Re: BUG #8673: Could not open file "pg_multixact/members/xxxx" on slave during hot_standby

From: Serge Negodyuck <petr(at)petrovich(dot)kiev(dot)ua>
To: Alvaro Herrera <alvherre(at)2ndquadrant(dot)com>
Cc: pgsql-bugs(at)postgresql(dot)org
Subject: Re: BUG #8673: Could not open file "pg_multixact/members/xxxx" on slave during hot_standby
Date: 2014-06-10 09:26:27
Message-ID: CABKyZDE9casPHmbTtbGiNAzmd68Muh3i=KTgLd9sOVpU+_v+PA@mail.gmail.com
Views: Raw Message | Whole Thread | Download mbox | Resend email
Thread:
Lists: pgsql-bugs pgsql-hackers

2014-06-09 22:49 GMT+03:00 Alvaro Herrera <alvherre(at)2ndquadrant(dot)com>:
>
> Pushed a fix for this.

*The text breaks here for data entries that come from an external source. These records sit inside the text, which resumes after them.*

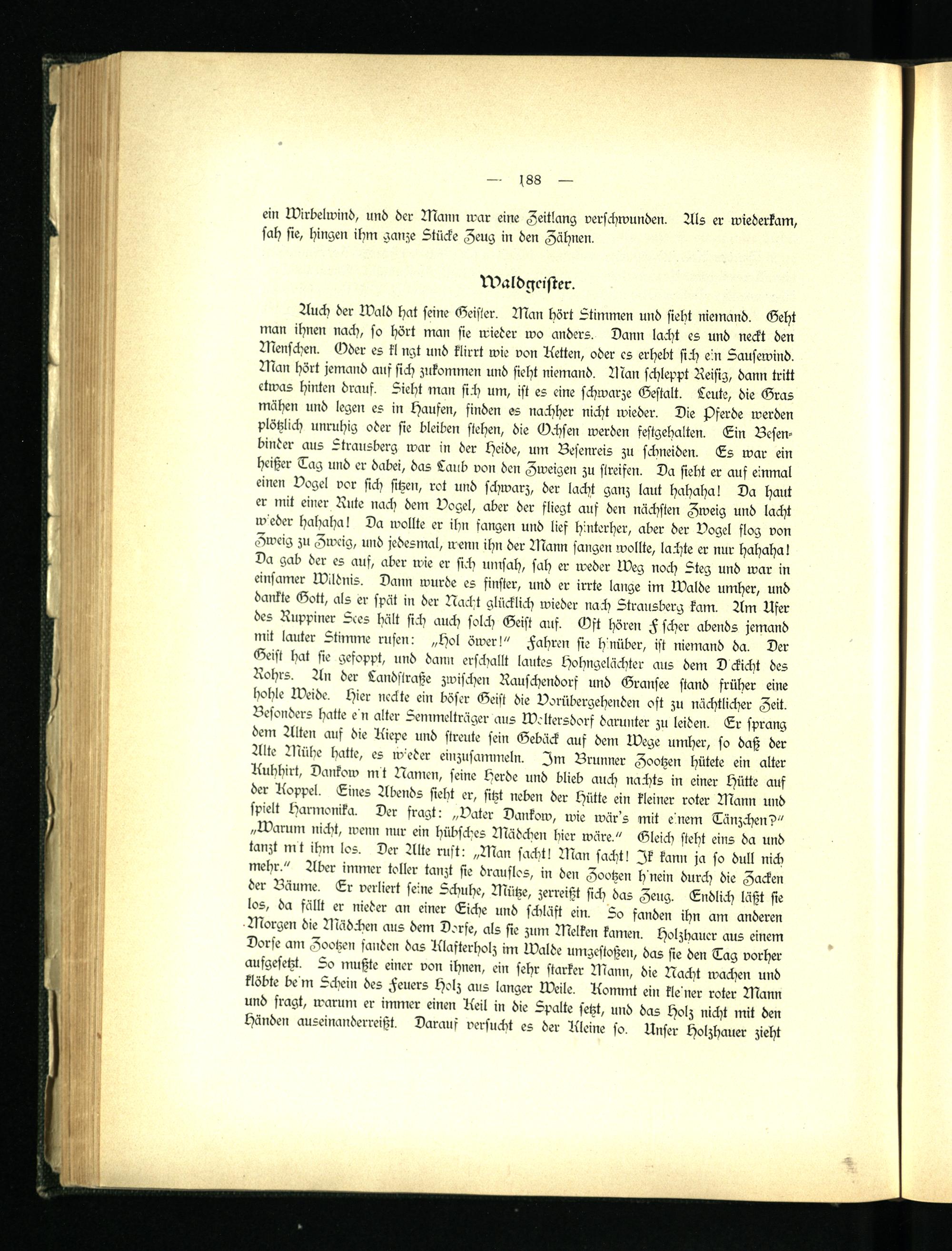Geist hat sie gefoppt, und dann erschallt lautes Hohngelächter aus dem D ckicht des Rohrs. An der Landstraße zwischen Rauschendorf und Gransee stand früher eine hohle Weide. Hier neckte ein böser Geist die Vorübergehenden oft zu nächtlicher Zeit. Besonders hatte e n alter Semmelträger aus Weltersdorf darunter zu leiden. Lr sprang dem Alten auf die Kiepe und streute sein Gebäck auf dem Wege umher, so daß der Alte Ukübe hatte, es wieder einzusammeln. Zm Brunner Zootzen hütete ein alter Kuhhirt, Dankow mt Namen, seine Herde und blieb auch nachts in einer Hütte auf der Koppel. Lines Abends sieht er, sitzt neben der Hütte ein kleiner roter Wann und spielt Harmonika. Der fragt: „Vater Dankow, wie wär's mit e nem Tänzchen?" „Warum nicht, wenn nur ein hübsches Wädchen hier wäre." Gleich steht eins da und tanzt mt ihm los. Der Alte ruft: „Wan sacht! Wan sacht! Zk kann ja so dull nich mehr." Aber immer toller tanzt sie drauslos, in den Zootzen h nein durch die Zacken der Bäume. Lr verliert seine Schuhe, Wütze, zerreißt sich das Zeug. Lndlich läßt sie los, da fällt er nieder an einer Liehe und schläft ein. So fanden ihn am anderen Worgen die Wädchen aus dem Dorfe, als sie zum Welken kamen. Holzhauer aus einem Dorse am Zootzen fanden das Klasterholz im Walde umgestoßen, das sie den Tag vorher aufgesetzt. So mußte einer von ihnen, ein sehr starker Wann, die Nacht wachen und klöbte be m Schein des Feuers Holz aus langer weile. Kommt ein kle'ner roter Wann und fragt, warum er immer einen Keil in die Spalte setzt, und das Holz nicht mit den Händen auseinanderreißt. Darauf versucht es der Kleine so. Unser Holzhauer zieht
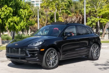 This 2021 Porsche Macan Turbo is finished in Jet Black Metallic over Garnet Red and Black leather and has 10k...
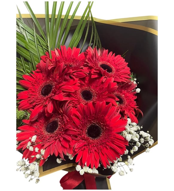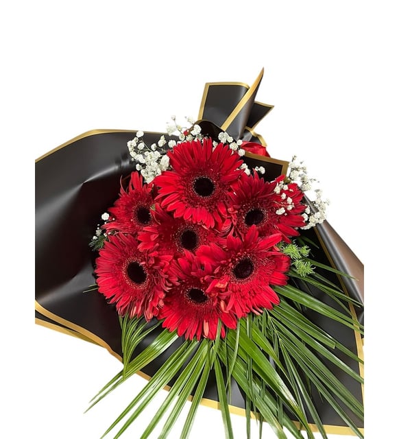 Kırmızının içtenliği, sade hatlı gerbera başlarında yumuşak bir anlatıya dönüşür. Bu buket, samimiyetin ve dostluğun sıcak ritmini taşır; bir odanın ışığını incelikle toplar, sözcüklerin yetmediği anlarda kalbe yaklaşır.
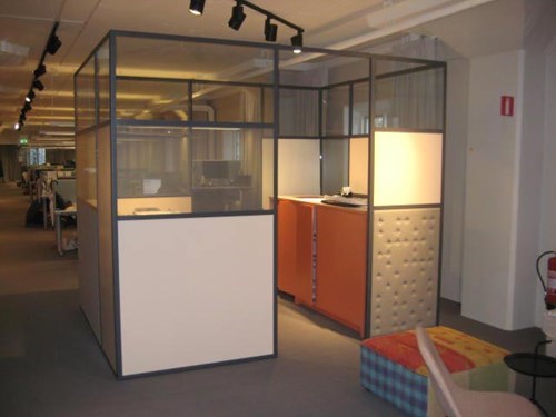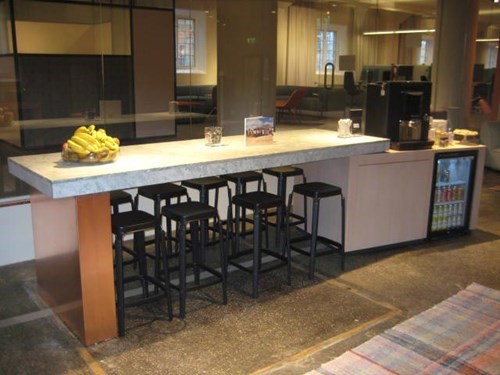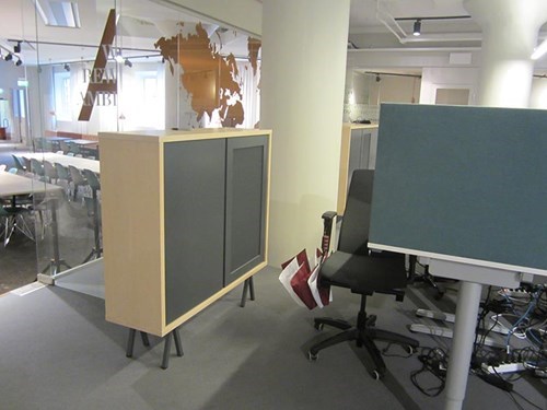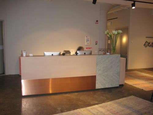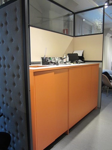 Receptionsdiskar, förvaringsskåp, kopiatorstationer, barbord och skyltar.
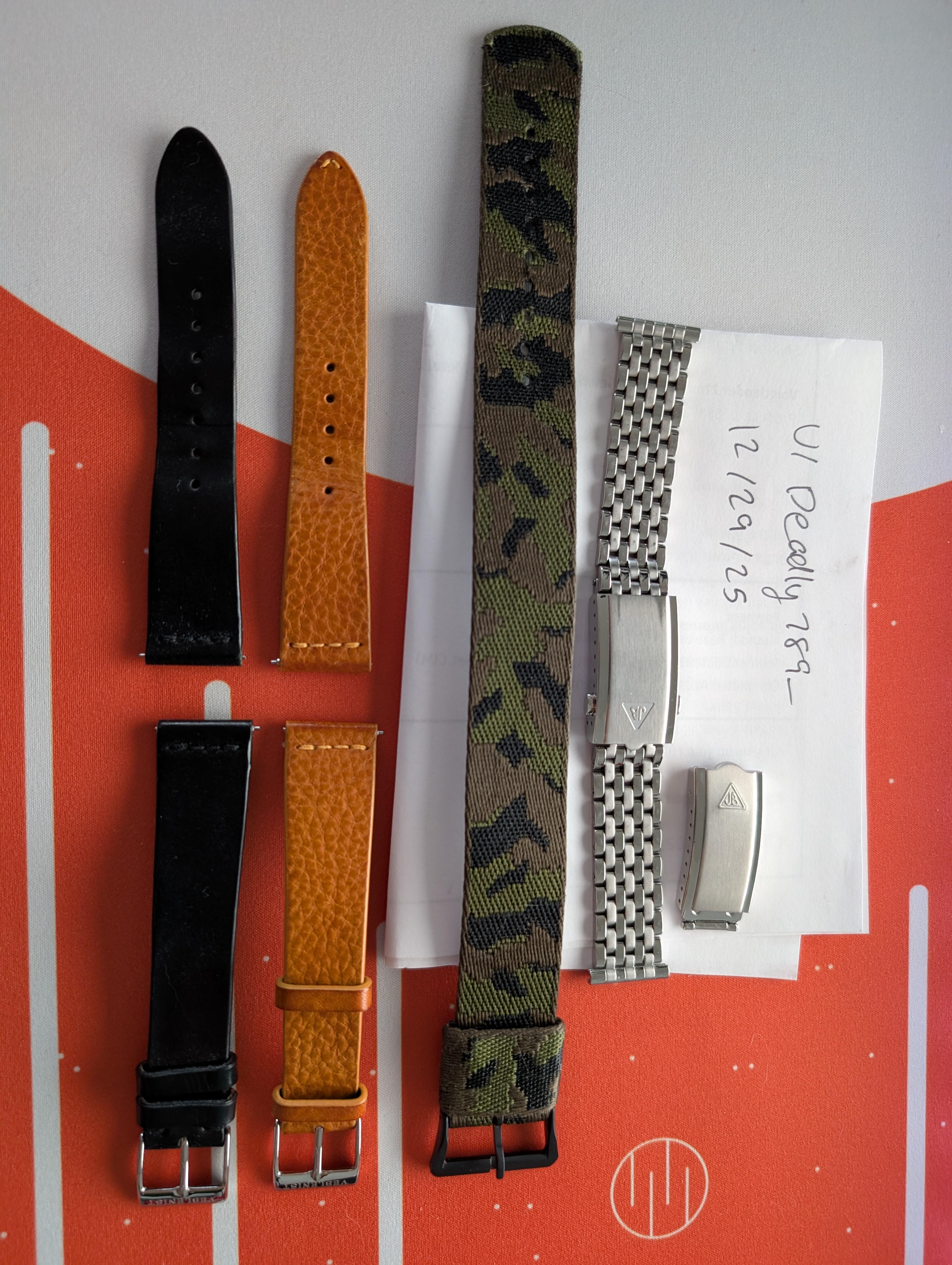 Selling straps I haven't used or haven't worn in a while. 1. 19mm Forstner 7-Row Beads of Rice + Forstner's Push-Button Milled Clasp $154 shipped 2. 22mm Crown & Buckle Jungle Camo + flared PVD buckle $36 shipped 3. 19mm Veblenist Unlined Black Shell Cordovan + polished buckle, 110mm/90mm $56 shipped 4. 19mm Veblenist Tuscan Brown Calfskin leather + polished buckle, 110mm/90mm $50 shipped Open to offers, will discount on bundles
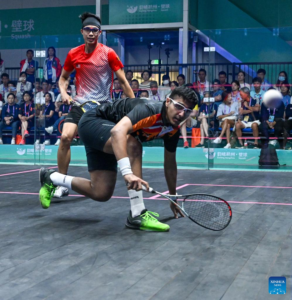 Yuen Chee Wern (R) and Abhay Singh compete during the semifinal match between Rachel Mae Arnold/Yuen Chee Wern of Malaysia and Anahat Singh/Abhay Singh of India at the "Exciting Hangzhou" Asian Squash Mixed Doubles Tournament 2023 in Hangzhou, east China's Zhejiang province, June 29, 2023. (Xinhua/Sun Fanyue)
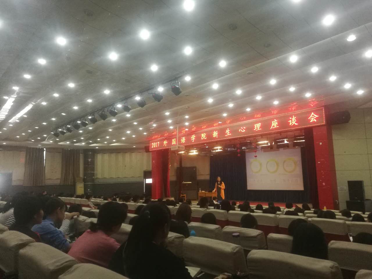 首先,丁书新老师与同学们分享了大学生活与中学阶段的差异,通过分析总结,告诉大家要学会了解自己内心,善于与他人沟通,在大学这个人生的新阶段制定一个个小目标,一步步地完成自己的人生规划。同时,丁书新还邀请同学走上讲台,和同学们进行沟通互动,通过现场演绎的方式引导大家如何在人际关系方面适应大学生活,处理好同学们的关系。最后,丁老师用爱心、恒心、热心、公益心等特点总结新时期大学生的阳关心态。讲座过程中,掌声、欢笑声不断,2017级新生在轻松愉快的氛围内接受着阳关光心态的感染。此次心理健康教育讲座对2017级新生提供心态、目标和人际关系沟通方面的指导,使他们对大学生活充满自信和期望,也将为他们的大学生活营造健康的心理心态。
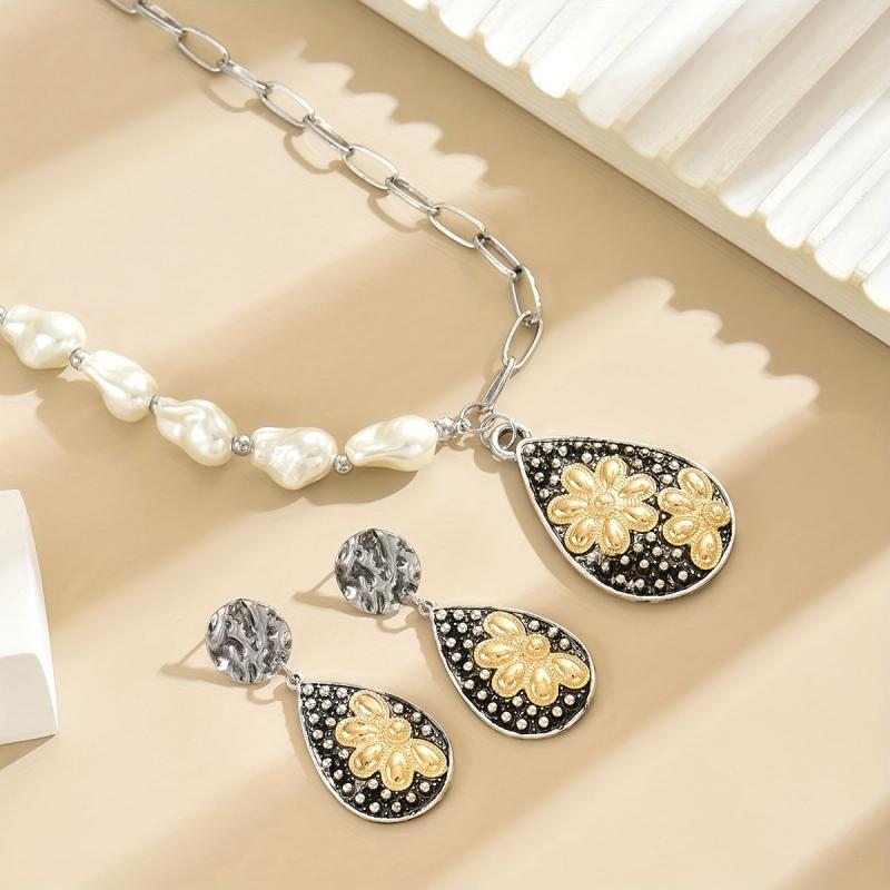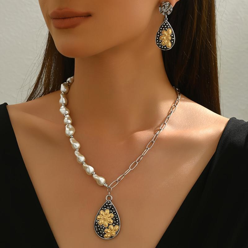 Complete your look with this stunning set featuring a beautiful drop necklace and matching earrings.
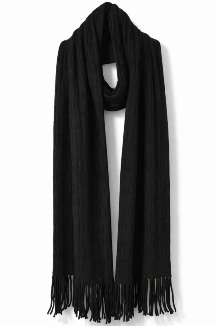 Soft, substantial, and beautifully proportioned, this women’s knit scarf wraps comfortably around the neck for extra coverage on colder days. Its larger size makes it perfect for layering over coats and jackets, creating a polished, winter-ready finish.
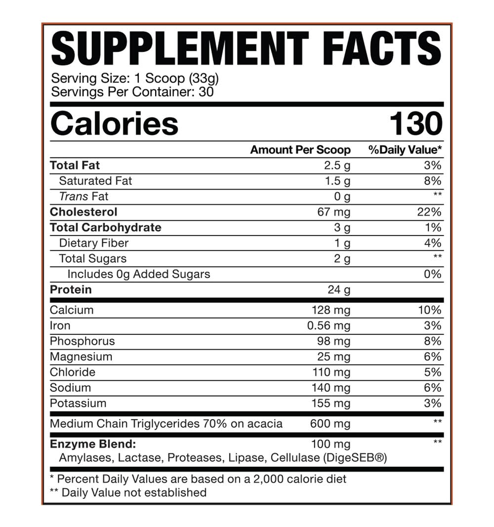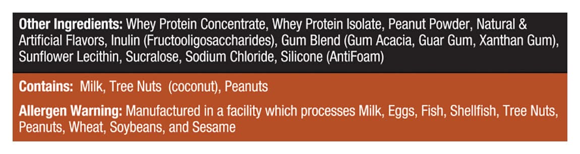 Ingredients: Enzyme Blend: Amylases, Lactase, Proteases, Lipase, Cellulase (Digeseb). Other Ingredients: Whey Protein Concentrate, Whey Protein Isolate, Peanut Powder, Natural & Artificial Flavors, Inulin (Fructooligosaccharides), Gum Blend (Gum Acacia, Guar Gum, Xanthan Gum), Sunflower Lecithin, Sucralose, Sodium Chloride, Silicone (Antifoam) Contains: Peanuts, Milk, Tree Nuts, Coconuts, Milk, Eggs, Fish, Crustacean Shellfish, Tree Nuts, Wheat, Soybeans, Sesame

Thanks for the report.
Thank you!

>
> > 2014-06-02 08:22:30 EEST FATAL: could not access status of transaction
> > 2080547
> > 2014-06-02 08:22:30 EEST DETAIL: Could not read from file
> > "pg_multixact/members/14078" at offset 24576: Success.
> > 2014-06-02 08:22:30 EEST CONTEXT: xlog redo create mxid 2080547 offset
> > 4294961608 nmembers 8684: 6193231 (keysh) 6193233 (fornokeyupd) 6193234
> > (keysh) 6193235 (fornokeyupd) 6193236 (keysh) 6193237 (fornokeyupd) 6193238
> > (keysh) 6193239 (fornokeyupd) 6193240 (keysh) 6193241 (fornokeyupd) 6193242
> > (keysh) 6193243 (fornokeyupd) 6193244 (keysh) 6193245 (fornokeyupd) 6193246
> > (keysh) 6193247 (fornokeyupd) 6193248 (keysh) 6193249 (fornokeyupd) 6193250
> > (keysh) 6193251 (fornokeyupd) 6193252 (keysh) 6193253 (fornokeyupd) 6193254
> > (keysh) 6193255 (fornokeyupd) 6193256 (keysh) 6193257 .......
>
> I find this bit rather odd. Normally the system shouldn't create
> multixacts this large. I think we might be missing a trick here somewhere.
> I imagine inserting the last few items is slow, isn't it?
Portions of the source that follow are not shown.